Additionally, it is possible to use phosphorescent emitters as the emission materials. Phosphorescent emitters may include metal complexes of iridium or platinum. Examples include green phosphorescent emitters such as Ir(ppy), blue phosphorescent emitters such as FIrpic and FIr6, and red phosphorescent emitters such as BtpIr(acac). For such cases, host materials may include materials with excellent hole injection and transport properties, such as 4,4′-di(N-carbazolyl)biphenyl (CBP), TCTA, mCP, and carbazole derivatives, as well as the arylamine compounds of the present disclosure. Host materials with electron transport properties may include compounds such as p-bis(triphenylsilyl)benzene (UGH2) and 2,2′,2″-(1,3,5-phenylene)-tris(1-phenyl-1H-benzimidazole) (TPBI). Using these materials enables the fabrication of high-performance organic EL devices.

For doping phosphorescent emission materials into host materials, it is preferable to perform co-deposition in a range of 1 to 30 weight percent relative to the entire emission layer to avoid concentration quenching.

Additionally, emission materials that emit delayed fluorescence, such as CDCB derivatives including PIC-TRZ, CC2TA, PXZ-TRZ, and 4CzIPN, can also be used (see, for example, Non-Patent Literature 3). These materials can form thin films using known methods such as vapor deposition, spin coating, or inkjet printing.

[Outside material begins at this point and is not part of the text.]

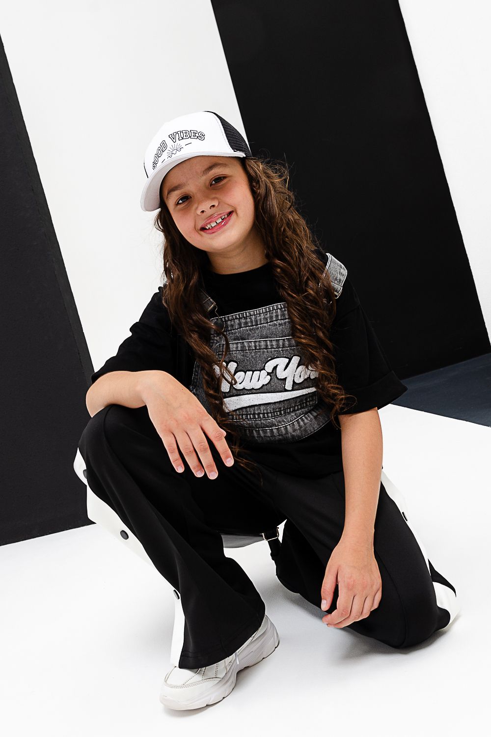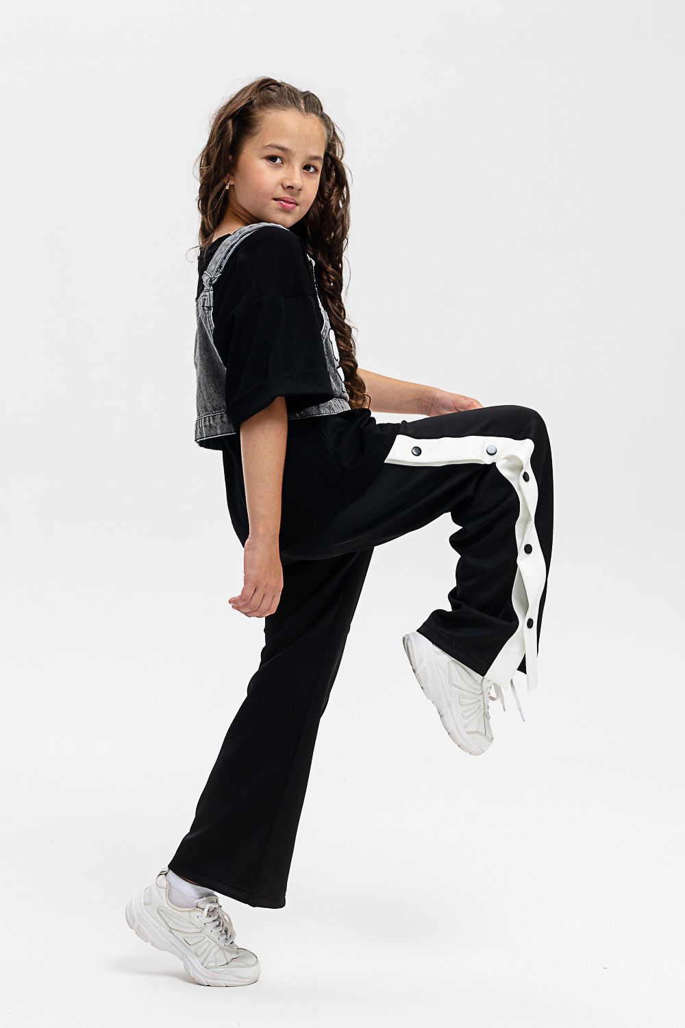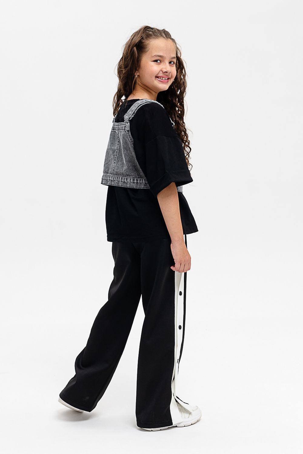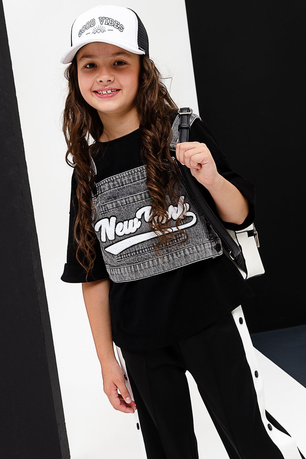Костюм тройка для девочки. Футболка оверсайз из 100% хлопка. Жилетка из плотной ткани джинс. На жилетке вышивка.

As materials for the hole-blocking layer in the organic EL device of the present disclosure, compounds with hole-blocking functionality can be used, including phenanthroline derivatives such as bathocuproine (BCP), metal complexes derived from quinolinol derivatives such as bis(2-methyl-8-quinolinolato)-4-(phenylphenolato)aluminum (BAlq), various rare-earth complexes, oxazole derivatives, triazole derivatives, and triazine derivatives. These materials can also serve as electron transport layer materials. Thin films can be formed from these materials either individually or in mixture. They can be used as single-layer films or in stacked structures comprising individually formed layers, mixed layers, or combinations thereof. Thin films of these materials can be formed using known methods such as vapor deposition, spin coating, or inkjet printing.

As materials for the electron transport layer of the organic EL device in the present disclosure, the following can be used: metal complexes derived from quinolinol derivatives such as Alqand BAlq, various other metal complexes, triazole derivatives, triazine derivatives, oxadiazole derivatives, pyridine derivatives, pyrimidine derivatives, benzimidazole derivatives, thiadiazole derivatives, anthracene derivatives, carbodiimide derivatives, quinoxaline derivatives, pyridoindole derivatives, phenanthroline derivatives, and silole derivatives. These materials can be used individually to form thin films or mixed together to create composite films. They can also be employed in single-layer configurations or in stacked configurations composed of either unmixed layers, mixed layers, or combinations of the two. The thin films of these materials can be created using known methods such as vapor deposition, spin coating, or inkjet printing.

For the electron injection layer of the organic EL device, suitable materials include alkali metal salts such as lithium fluoride and cesium fluoride, alkaline earth metal salts such as magnesium fluoride, metal complexes derived from quinolinol derivatives such as lithium quinolinolate, metal oxides like aluminum oxide, and metals such as ytterbium (Yb), samarium (Sm), calcium (Ca), strontium (Sr), and cesium (Cs). The electron injection layer may be omitted depending on the optimal selection of the electron transport layer and the cathode.

Additionally, for the electron injection and transport layers, metals such as cesium (Cs) may be N-doped into conventional materials for these layers.